### Exercise goal
Nothing outside the range is to be copied. From the entries below, reproduce exactly the lines starting at the one with "Данная модель состоит" and ending at the one with "Let op! Belangrijke", without pictures.

### Provided data
======

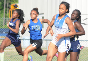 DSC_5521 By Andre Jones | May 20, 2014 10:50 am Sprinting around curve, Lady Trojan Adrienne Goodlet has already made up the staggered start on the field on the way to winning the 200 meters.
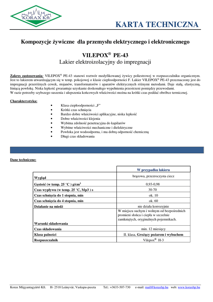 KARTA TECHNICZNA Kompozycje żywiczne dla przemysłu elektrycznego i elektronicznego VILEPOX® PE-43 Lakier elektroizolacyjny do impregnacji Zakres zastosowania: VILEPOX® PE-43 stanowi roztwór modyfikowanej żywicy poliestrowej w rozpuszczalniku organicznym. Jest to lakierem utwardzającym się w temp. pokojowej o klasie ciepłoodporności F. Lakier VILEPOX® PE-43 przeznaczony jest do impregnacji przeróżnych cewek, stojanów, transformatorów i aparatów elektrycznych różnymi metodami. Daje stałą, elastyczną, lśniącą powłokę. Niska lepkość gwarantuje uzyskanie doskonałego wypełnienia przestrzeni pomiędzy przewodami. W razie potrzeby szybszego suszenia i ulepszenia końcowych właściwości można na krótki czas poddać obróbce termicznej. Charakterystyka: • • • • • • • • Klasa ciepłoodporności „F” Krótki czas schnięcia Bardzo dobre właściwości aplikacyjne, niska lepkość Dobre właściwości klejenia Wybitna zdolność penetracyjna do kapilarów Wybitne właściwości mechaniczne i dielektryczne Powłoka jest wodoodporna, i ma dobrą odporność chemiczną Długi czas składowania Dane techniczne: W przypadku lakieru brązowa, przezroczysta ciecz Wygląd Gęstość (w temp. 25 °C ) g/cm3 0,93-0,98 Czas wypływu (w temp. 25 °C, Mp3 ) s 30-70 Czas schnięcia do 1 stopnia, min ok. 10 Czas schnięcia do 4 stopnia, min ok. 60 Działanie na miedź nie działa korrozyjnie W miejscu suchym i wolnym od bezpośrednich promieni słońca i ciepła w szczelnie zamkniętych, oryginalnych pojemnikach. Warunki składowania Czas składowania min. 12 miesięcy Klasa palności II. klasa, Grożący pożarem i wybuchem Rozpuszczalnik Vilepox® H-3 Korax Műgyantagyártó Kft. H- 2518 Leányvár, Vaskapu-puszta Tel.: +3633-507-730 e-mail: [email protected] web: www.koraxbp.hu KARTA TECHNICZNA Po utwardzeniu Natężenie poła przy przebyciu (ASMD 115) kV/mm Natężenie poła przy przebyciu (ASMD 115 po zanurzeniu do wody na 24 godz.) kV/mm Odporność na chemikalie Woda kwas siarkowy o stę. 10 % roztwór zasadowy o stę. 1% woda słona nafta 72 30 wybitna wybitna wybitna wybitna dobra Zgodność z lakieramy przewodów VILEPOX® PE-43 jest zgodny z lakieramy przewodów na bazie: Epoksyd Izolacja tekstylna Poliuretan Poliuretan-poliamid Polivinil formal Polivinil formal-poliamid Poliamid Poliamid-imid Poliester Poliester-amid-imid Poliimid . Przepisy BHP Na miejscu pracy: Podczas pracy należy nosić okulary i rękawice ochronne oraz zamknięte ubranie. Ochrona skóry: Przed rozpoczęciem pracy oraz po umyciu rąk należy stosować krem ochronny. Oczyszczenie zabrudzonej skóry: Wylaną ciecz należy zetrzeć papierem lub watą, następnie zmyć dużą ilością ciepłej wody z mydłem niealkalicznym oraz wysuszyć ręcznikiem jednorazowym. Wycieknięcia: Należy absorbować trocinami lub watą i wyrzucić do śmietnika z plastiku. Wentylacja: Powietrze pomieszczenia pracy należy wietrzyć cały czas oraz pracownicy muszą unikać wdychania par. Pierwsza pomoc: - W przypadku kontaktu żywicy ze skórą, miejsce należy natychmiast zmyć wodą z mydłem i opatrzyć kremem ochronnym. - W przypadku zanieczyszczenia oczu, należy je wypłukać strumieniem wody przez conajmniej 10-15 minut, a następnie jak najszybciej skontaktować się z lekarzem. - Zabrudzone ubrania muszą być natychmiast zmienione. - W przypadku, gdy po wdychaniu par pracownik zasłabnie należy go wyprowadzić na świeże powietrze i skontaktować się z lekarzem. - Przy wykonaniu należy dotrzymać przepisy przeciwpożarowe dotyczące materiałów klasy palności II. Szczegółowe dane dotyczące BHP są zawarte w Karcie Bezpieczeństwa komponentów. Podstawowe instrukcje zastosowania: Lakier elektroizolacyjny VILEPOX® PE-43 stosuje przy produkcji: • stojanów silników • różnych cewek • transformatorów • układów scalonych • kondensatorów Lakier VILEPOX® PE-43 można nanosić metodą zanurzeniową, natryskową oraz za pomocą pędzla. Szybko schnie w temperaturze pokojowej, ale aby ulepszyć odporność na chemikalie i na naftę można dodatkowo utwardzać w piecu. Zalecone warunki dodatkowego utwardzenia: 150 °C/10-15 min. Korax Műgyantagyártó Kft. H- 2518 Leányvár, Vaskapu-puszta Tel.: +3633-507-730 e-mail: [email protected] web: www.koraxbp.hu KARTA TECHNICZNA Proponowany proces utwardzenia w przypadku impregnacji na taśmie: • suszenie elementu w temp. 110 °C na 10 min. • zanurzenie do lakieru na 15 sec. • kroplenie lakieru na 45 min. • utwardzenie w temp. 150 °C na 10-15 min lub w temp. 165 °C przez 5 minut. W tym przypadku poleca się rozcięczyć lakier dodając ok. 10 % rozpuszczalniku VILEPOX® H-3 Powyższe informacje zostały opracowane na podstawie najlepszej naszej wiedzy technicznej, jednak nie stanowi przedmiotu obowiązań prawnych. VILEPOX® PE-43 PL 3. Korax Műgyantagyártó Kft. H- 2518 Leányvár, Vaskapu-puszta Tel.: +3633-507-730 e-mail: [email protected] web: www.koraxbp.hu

======

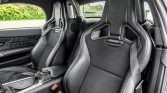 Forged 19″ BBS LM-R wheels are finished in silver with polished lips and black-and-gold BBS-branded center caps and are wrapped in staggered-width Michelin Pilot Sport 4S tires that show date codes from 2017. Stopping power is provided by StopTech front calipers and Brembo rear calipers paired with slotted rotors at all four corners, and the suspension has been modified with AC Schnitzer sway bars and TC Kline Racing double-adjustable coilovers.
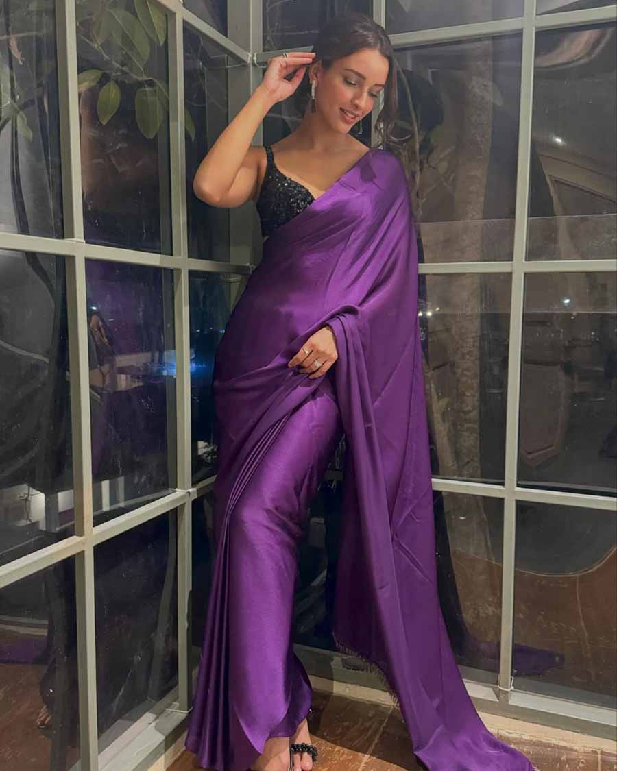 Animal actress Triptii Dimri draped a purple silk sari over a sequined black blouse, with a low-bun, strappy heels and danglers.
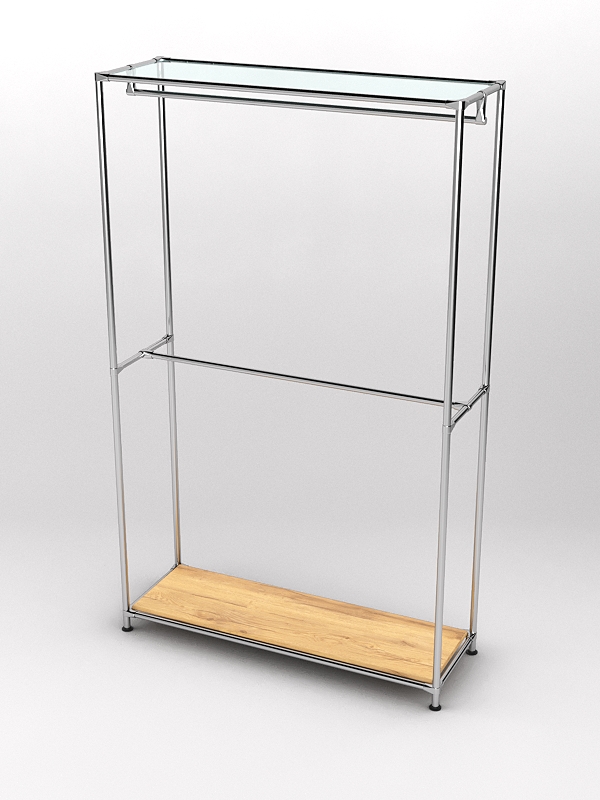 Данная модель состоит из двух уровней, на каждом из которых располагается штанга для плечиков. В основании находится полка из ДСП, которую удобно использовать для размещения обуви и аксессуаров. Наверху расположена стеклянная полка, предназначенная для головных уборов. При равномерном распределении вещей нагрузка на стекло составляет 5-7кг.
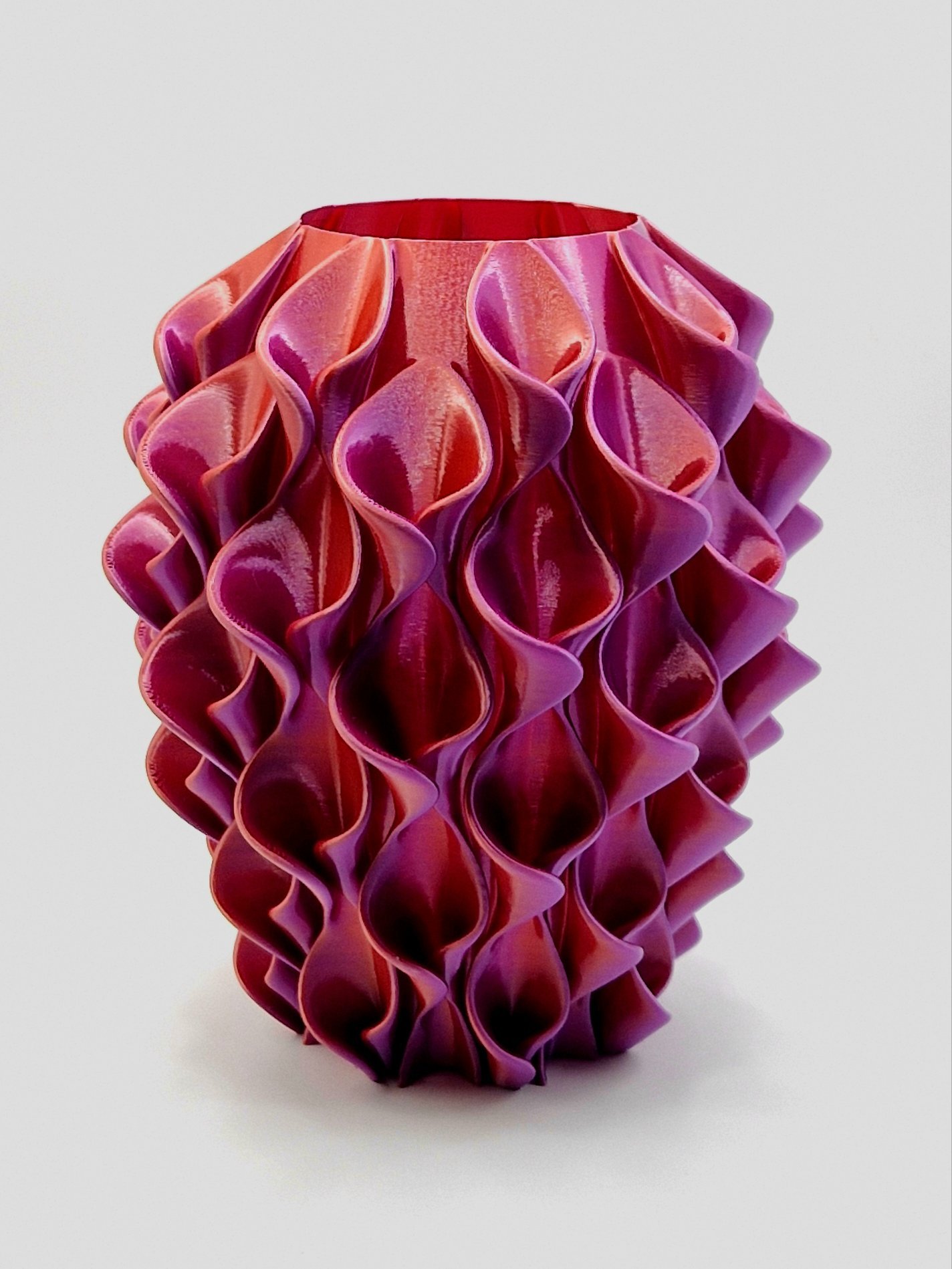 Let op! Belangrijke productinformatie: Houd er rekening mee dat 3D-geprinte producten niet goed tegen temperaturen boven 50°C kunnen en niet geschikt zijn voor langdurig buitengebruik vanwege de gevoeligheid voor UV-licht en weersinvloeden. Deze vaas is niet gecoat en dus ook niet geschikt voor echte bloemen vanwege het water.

======

### Answer box
 Данная модель состоит из двух уровней, на каждом из которых располагается штанга для плечиков. В основании находится полка из ДСП, которую удобно использовать для размещения обуви и аксессуаров. Наверху расположена стеклянная полка, предназначенная для головных уборов. При равномерном распределении вещей нагрузка на стекло составляет 5-7кг.
 Let op! Belangrijke productinformatie: Houd er rekening mee dat 3D-geprinte producten niet goed tegen temperaturen boven 50°C kunnen en niet geschikt zijn voor langdurig buitengebruik vanwege de gevoeligheid voor UV-licht en weersinvloeden. Deze vaas is niet gecoat en dus ook niet geschikt voor echte bloemen vanwege het water.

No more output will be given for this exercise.